Aim of the exercise — Your response should consist of the entries below, reproduced exactly and without their images.

Information shown —
[Start of section]
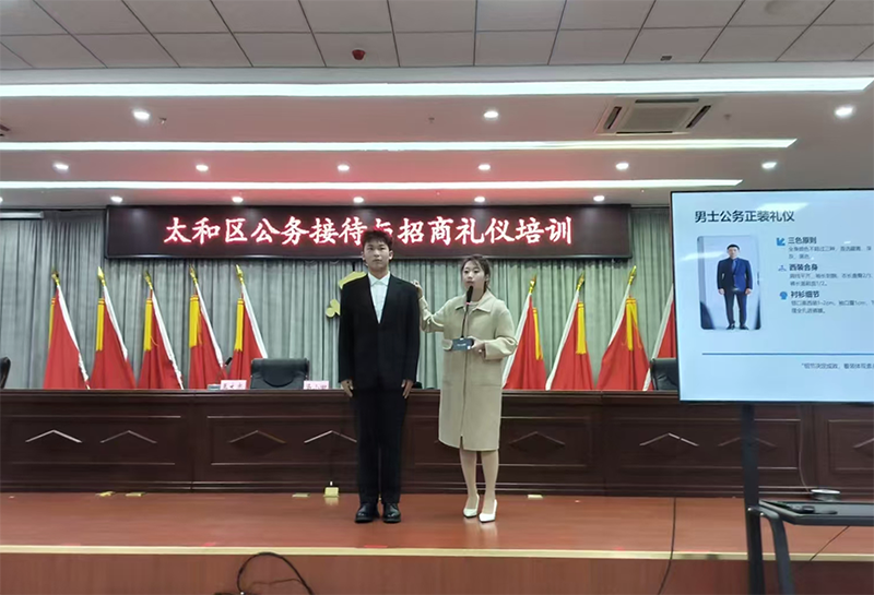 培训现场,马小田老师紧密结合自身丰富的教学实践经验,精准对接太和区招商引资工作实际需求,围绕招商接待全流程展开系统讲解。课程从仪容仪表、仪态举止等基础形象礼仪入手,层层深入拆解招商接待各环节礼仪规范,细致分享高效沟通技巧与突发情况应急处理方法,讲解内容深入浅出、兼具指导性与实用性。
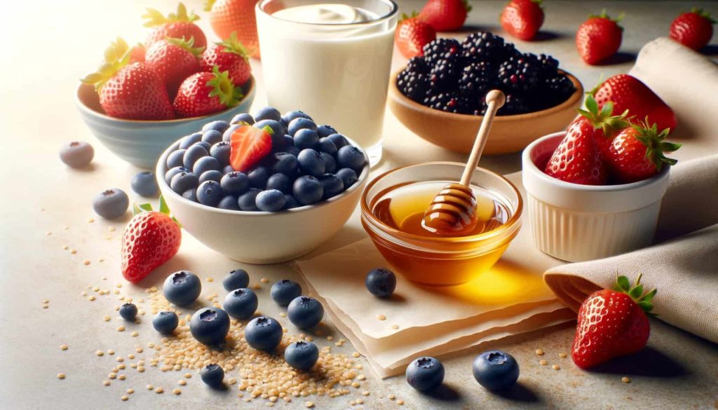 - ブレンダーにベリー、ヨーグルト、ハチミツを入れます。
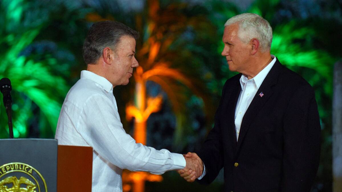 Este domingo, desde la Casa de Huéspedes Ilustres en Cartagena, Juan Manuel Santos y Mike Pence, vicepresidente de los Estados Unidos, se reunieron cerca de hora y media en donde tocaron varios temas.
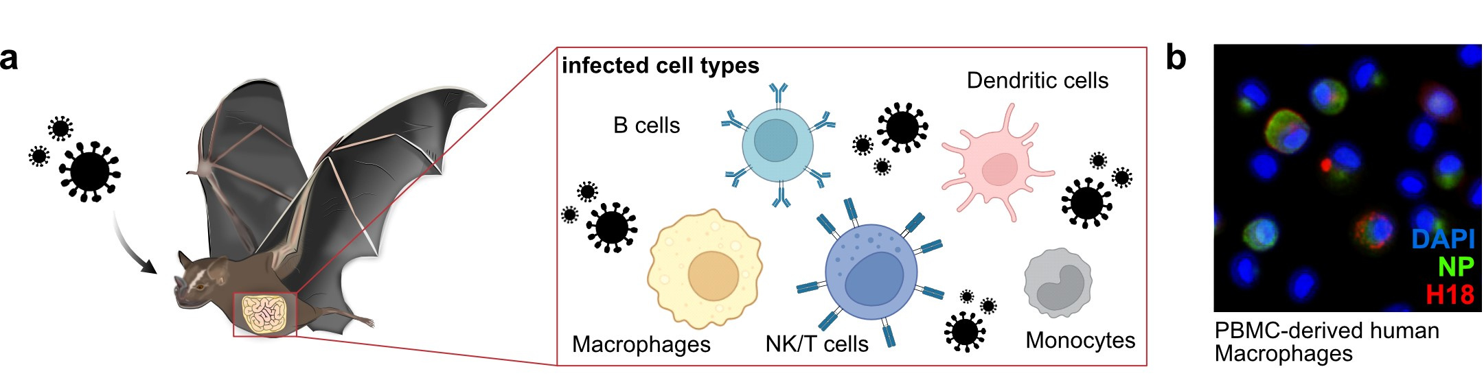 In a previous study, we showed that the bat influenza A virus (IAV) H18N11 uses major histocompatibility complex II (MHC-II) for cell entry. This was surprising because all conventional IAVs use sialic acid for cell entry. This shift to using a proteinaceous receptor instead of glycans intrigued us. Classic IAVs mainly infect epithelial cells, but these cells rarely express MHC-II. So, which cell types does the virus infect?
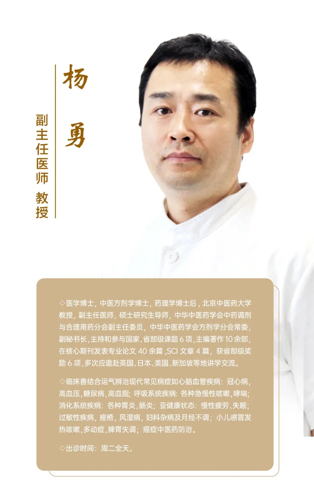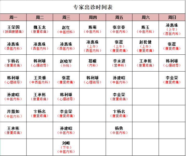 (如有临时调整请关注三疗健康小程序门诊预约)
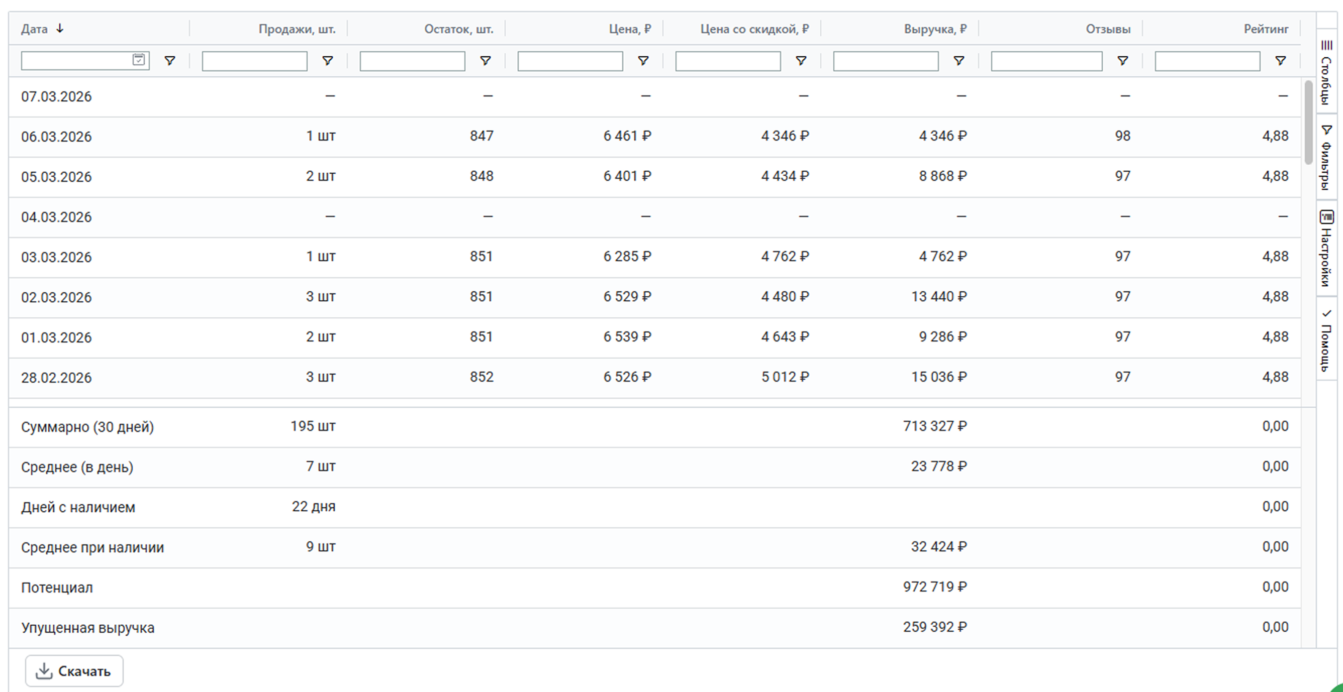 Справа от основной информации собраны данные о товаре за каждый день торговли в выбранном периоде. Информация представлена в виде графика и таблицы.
[End of section]
Result for this task —
 培训现场,马小田老师紧密结合自身丰富的教学实践经验,精准对接太和区招商引资工作实际需求,围绕招商接待全流程展开系统讲解。课程从仪容仪表、仪态举止等基础形象礼仪入手,层层深入拆解招商接待各环节礼仪规范,细致分享高效沟通技巧与突发情况应急处理方法,讲解内容深入浅出、兼具指导性与实用性。
 - ブレンダーにベリー、ヨーグルト、ハチミツを入れます。
 Este domingo, desde la Casa de Huéspedes Ilustres en Cartagena, Juan Manuel Santos y Mike Pence, vicepresidente de los Estados Unidos, se reunieron cerca de hora y media en donde tocaron varios temas.
 In a previous study, we showed that the bat influenza A virus (IAV) H18N11 uses major histocompatibility complex II (MHC-II) for cell entry. This was surprising because all conventional IAVs use sialic acid for cell entry. This shift to using a proteinaceous receptor instead of glycans intrigued us. Classic IAVs mainly infect epithelial cells, but these cells rarely express MHC-II. So, which cell types does the virus infect?
 (如有临时调整请关注三疗健康小程序门诊预约)
 Справа от основной информации собраны данные о товаре за каждый день торговли в выбранном периоде. Информация представлена в виде графика и таблицы.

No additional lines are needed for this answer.